Directions:
Would you reproduce the data below exactly, please, leaving out its images?

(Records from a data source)
((
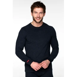 Pohodlné pánske tričko s dlhými rukávmi vo vypasovanom strihu. Melanžové hrejivé spodné prádlo z prírodných bavlnených vlákien s prídavkom elastanu. Pletenina má špeciálne termoochranné vlastnosti, ktoré udržiavajú teplo. Výnimočné vlastnosti vlákna sa dosahujú procesom dodatočného česania bavlny, nazývaným čistenie, a spracovaním priadze pri vysokej teplote. Vďaka týmto procesom výrobok zabezpečuje udržanie tepla a úplnú voľnosť pohybu.
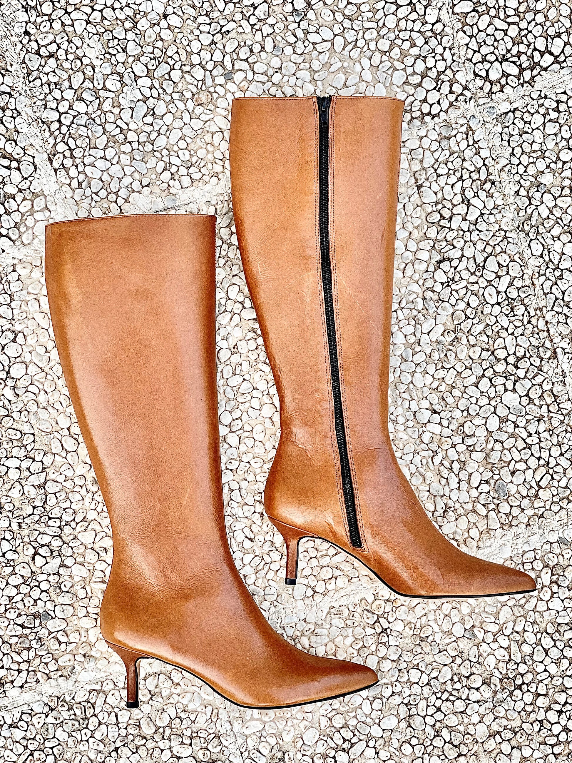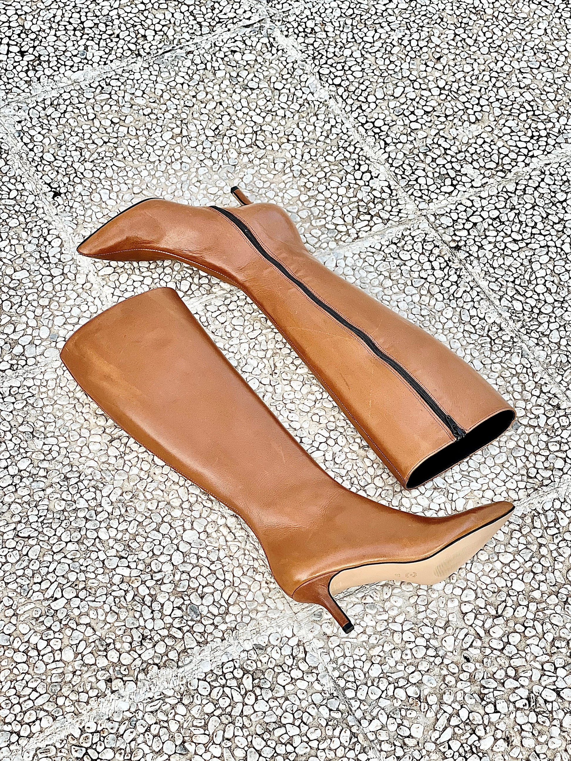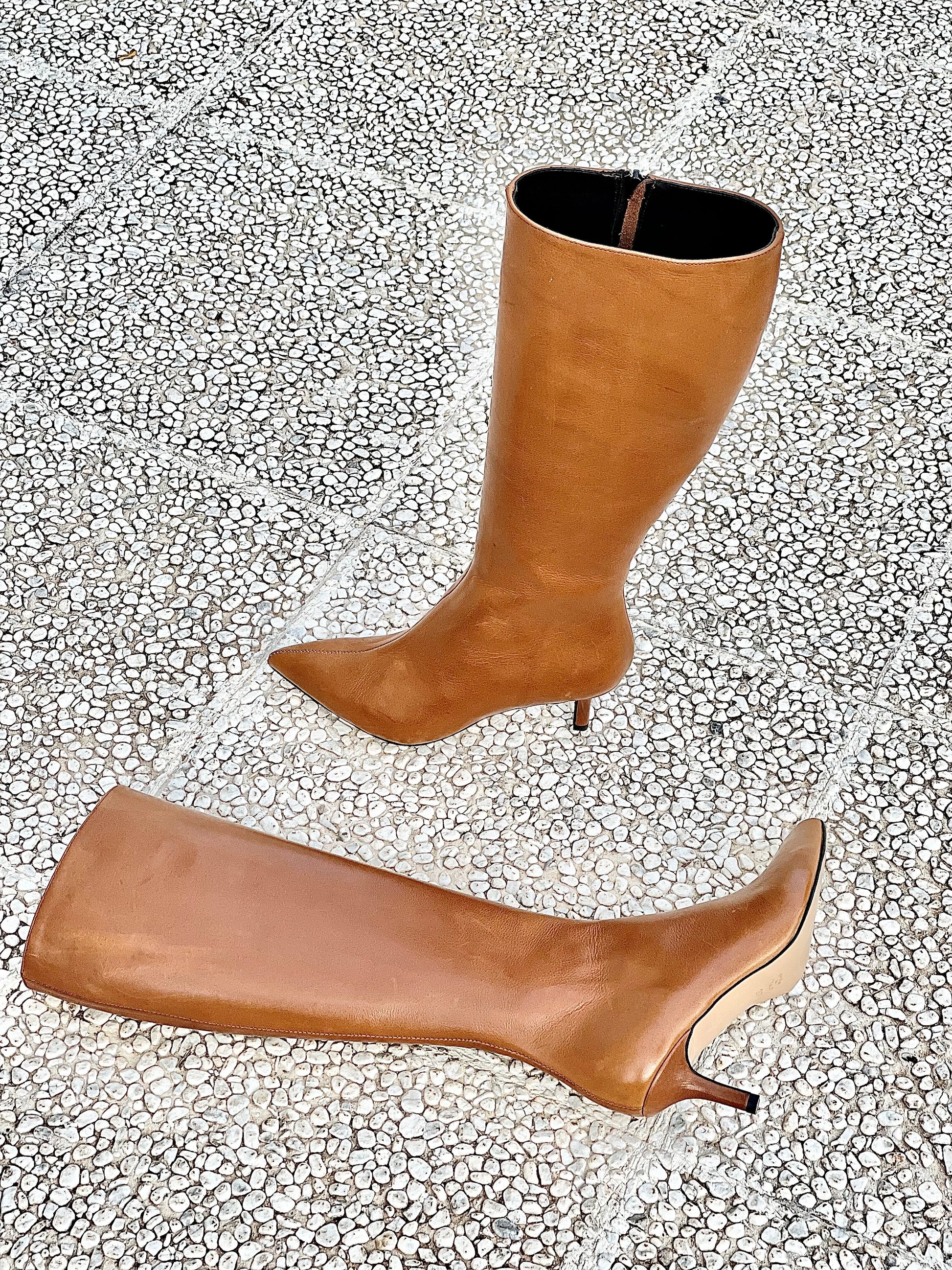 Leren laarzen met spitse neus, hak tot 60 mm.
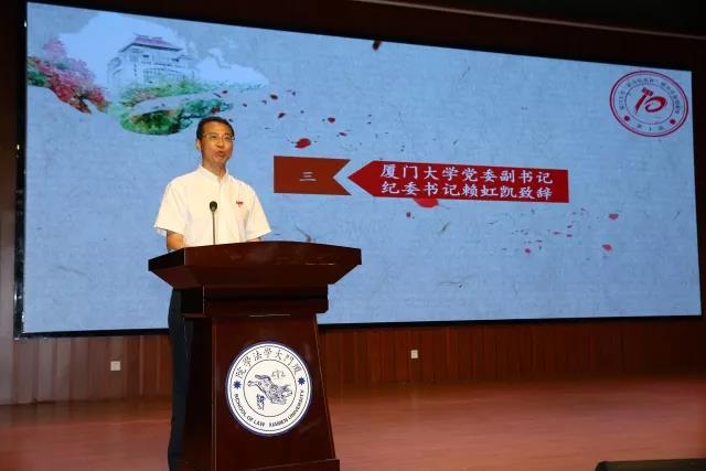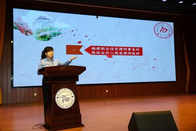 在颁奖仪式中,校党委副书记、纪委书记赖虹凯,法学院院长宋方青教授,福建联合信实律师事务所高级合伙人陈莹分别致辞。
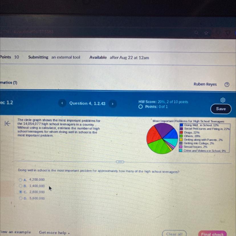 According to the circle graph, doing well in school is a problem that affects B. 1,400,000 high school teenagers.
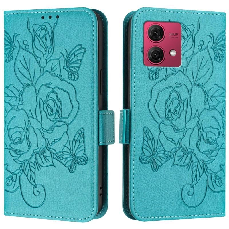 Για Motorola Moto G84 5G ανάγλυφο Rose RFID Anti-theft Δερμάτινη θήκη τηλεφώνου (γαλάζιο)
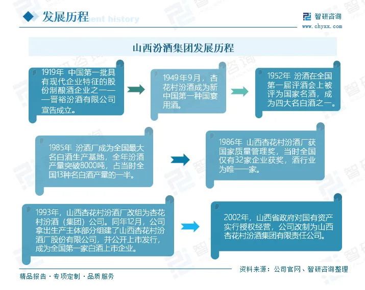 汾酒发展历史悠久,文化源远流长,既是我国名白酒的杰出代表,也是清香型白酒国家标准的制定者,1952年,汾酒在全国第一届评酒会上被评为国家名酒,成为四大名白酒之一。山西汾酒集团经过多轮合并改组,于1993年12月正式组建完成,并在上交所成功上市,成为了全国第一家白酒上市企业。目前,公司拥有“汾”、“竹叶青”、“杏花村”三大驰名商标和11000余亩清香型白酒生产基地,并在山西、东北、内蒙、甘肃、河北等拥有110余万亩原粮种植基地,现有员工15000多名,产品覆盖国内34个省市地区以及美国、英国、澳大利亚、日本等50多个国外地区,拥有超过105万家终端销售网点。
))
Output of the exercise:
 Pohodlné pánske tričko s dlhými rukávmi vo vypasovanom strihu. Melanžové hrejivé spodné prádlo z prírodných bavlnených vlákien s prídavkom elastanu. Pletenina má špeciálne termoochranné vlastnosti, ktoré udržiavajú teplo. Výnimočné vlastnosti vlákna sa dosahujú procesom dodatočného česania bavlny, nazývaným čistenie, a spracovaním priadze pri vysokej teplote. Vďaka týmto procesom výrobok zabezpečuje udržanie tepla a úplnú voľnosť pohybu.
 Leren laarzen met spitse neus, hak tot 60 mm.
 在颁奖仪式中,校党委副书记、纪委书记赖虹凯,法学院院长宋方青教授,福建联合信实律师事务所高级合伙人陈莹分别致辞。
 According to the circle graph, doing well in school is a problem that affects B. 1,400,000 high school teenagers.
 Για Motorola Moto G84 5G ανάγλυφο Rose RFID Anti-theft Δερμάτινη θήκη τηλεφώνου (γαλάζιο)
 汾酒发展历史悠久,文化源远流长,既是我国名白酒的杰出代表,也是清香型白酒国家标准的制定者,1952年,汾酒在全国第一届评酒会上被评为国家名酒,成为四大名白酒之一。山西汾酒集团经过多轮合并改组,于1993年12月正式组建完成,并在上交所成功上市,成为了全国第一家白酒上市企业。目前,公司拥有“汾”、“竹叶青”、“杏花村”三大驰名商标和11000余亩清香型白酒生产基地,并在山西、东北、内蒙、甘肃、河北等拥有110余万亩原粮种植基地,现有员工15000多名,产品覆盖国内34个省市地区以及美国、英国、澳大利亚、日本等50多个国外地区,拥有超过105万家终端销售网点。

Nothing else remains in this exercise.